**SUPPLIED MATERIAL**
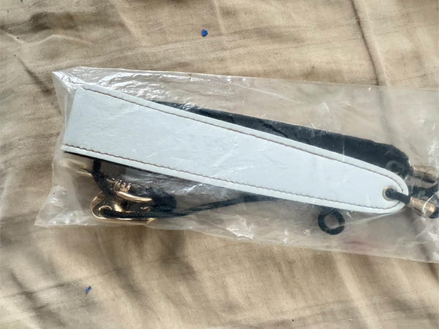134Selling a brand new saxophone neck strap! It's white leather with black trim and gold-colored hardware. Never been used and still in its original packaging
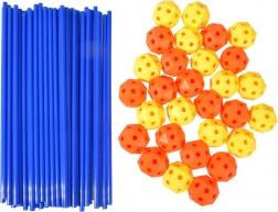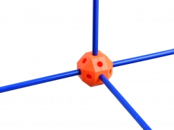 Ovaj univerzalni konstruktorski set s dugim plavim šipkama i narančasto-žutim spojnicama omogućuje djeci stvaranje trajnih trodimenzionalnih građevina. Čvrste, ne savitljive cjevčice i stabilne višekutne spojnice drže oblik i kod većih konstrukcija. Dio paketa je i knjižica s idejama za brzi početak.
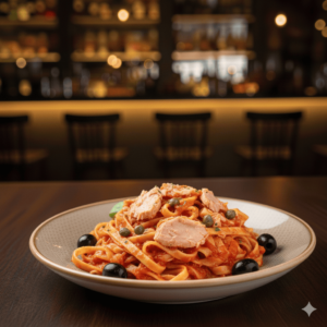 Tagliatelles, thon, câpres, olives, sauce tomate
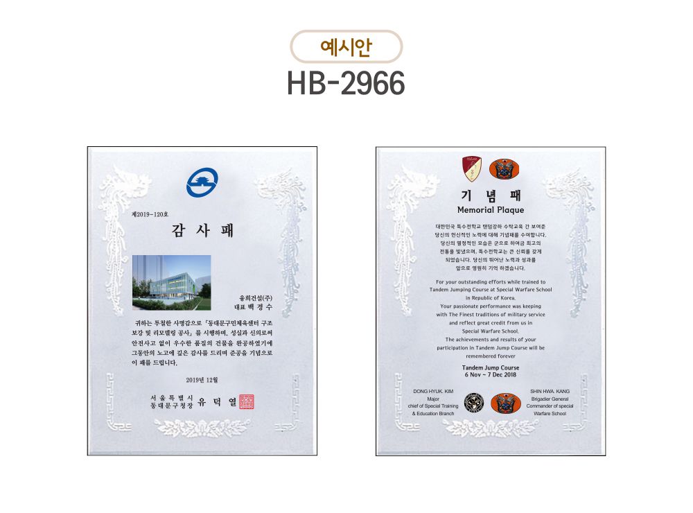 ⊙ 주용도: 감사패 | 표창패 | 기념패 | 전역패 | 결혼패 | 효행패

**WORK REQUIRED**
Starting with the line that holds "Ovaj univerzalni konstruktorski", retype each line through the last one in the listing above, exactly as written. Do not copy any pictures.

**ANSWER BELOW**
 Ovaj univerzalni konstruktorski set s dugim plavim šipkama i narančasto-žutim spojnicama omogućuje djeci stvaranje trajnih trodimenzionalnih građevina. Čvrste, ne savitljive cjevčice i stabilne višekutne spojnice drže oblik i kod većih konstrukcija. Dio paketa je i knjižica s idejama za brzi početak.
 Tagliatelles, thon, câpres, olives, sauce tomate
 ⊙ 주용도: 감사패 | 표창패 | 기념패 | 전역패 | 결혼패 | 효행패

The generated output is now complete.